I, Me, Mine
- I, Me, Mine book cover
- Author: George Harrison
- Genre: Memoir
- Publisher: Genesis Publications
- Publication date: August 1980
- Media type: Book, audio CD, e-book
- Pages: 398 (1st ed.) 456 (2002 reprint) 570 (2017 ed.)
- ISBN: 978-0-671-42787-0 (1st ed.)

= I, Me, Mine =

Book by George Harrison

I, Me, Mine is an autobiographic memoir by the English musician George Harrison, formerly of The Beatles. It was published in 1980 as a hand-bound, limited edition book by Genesis Publications, with a mixture of printed text and multi-colour facsimiles of Harrison's handwritten song lyrics. It was limited to 2,000 signed copies, with a foreword and narration by Derek Taylor. The Genesis limited edition sold out soon after publication, and it was subsequently published in hardback and paperback in black ink by W H Allen in London and by Simon & Schuster in New York.

==Background==
The project marked a departure for Genesis Publications, which had previously focused on facsimile editions of historical nautical journals, including The Log of H.M.S. Bounty 1787–1789. Brian Roylance, who founded the company in 1974, said of Harrison's memoir: "I saw the song lyrics as important documents – as important as all the other things I was publishing." Genesis subsequently became a leading publisher of rock music-related illustrated books, including further titles by Harrison and Taylor, as well as books about the Beatles, The Rolling Stones, David Bowie and Pink Floyd, among others.

==Reception==
I, Me, Mine was released a few months before John Lennon's murder in December 1980. Lennon took offence at Harrison's book, telling interviewer David Sheff: "I was hurt by it ... By glaring omission in the book, my influence on his life is absolutely zilch and nil ... I'm not in the book." Harrison does mention Lennon several times, although not as a musical influence, which was the point of Lennon's displeasure.
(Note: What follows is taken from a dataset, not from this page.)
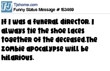 - # 205183 As a funeral director, I always tie the shoe laces together of the deceased.The zombie apocalypse will be hilarious.

In December 1987, Harrison was asked about Lennon's comments by Selina Scott on the television show West 57th Street. He told her: "[Lennon] was annoyed 'cause I didn't say that he'd written one line of this song 'Taxman'. But I also didn't say how I wrote two lines of 'Come Together' or three lines of 'Eleanor Rigby', you know? I wasn't getting into any of that. I think, in the balance, I would have had more things to be niggled with him about than he would have had with me."

==Later editions==
In 2002, I, Me, Mine was re-published with a new foreword by Harrison's widow, Olivia. A third version of the book, now containing "59 additional handwritten lyrics and unpublished photographs not found in the original printing", was released in February 2017 to mark what would have been Harrison's 74th birthday.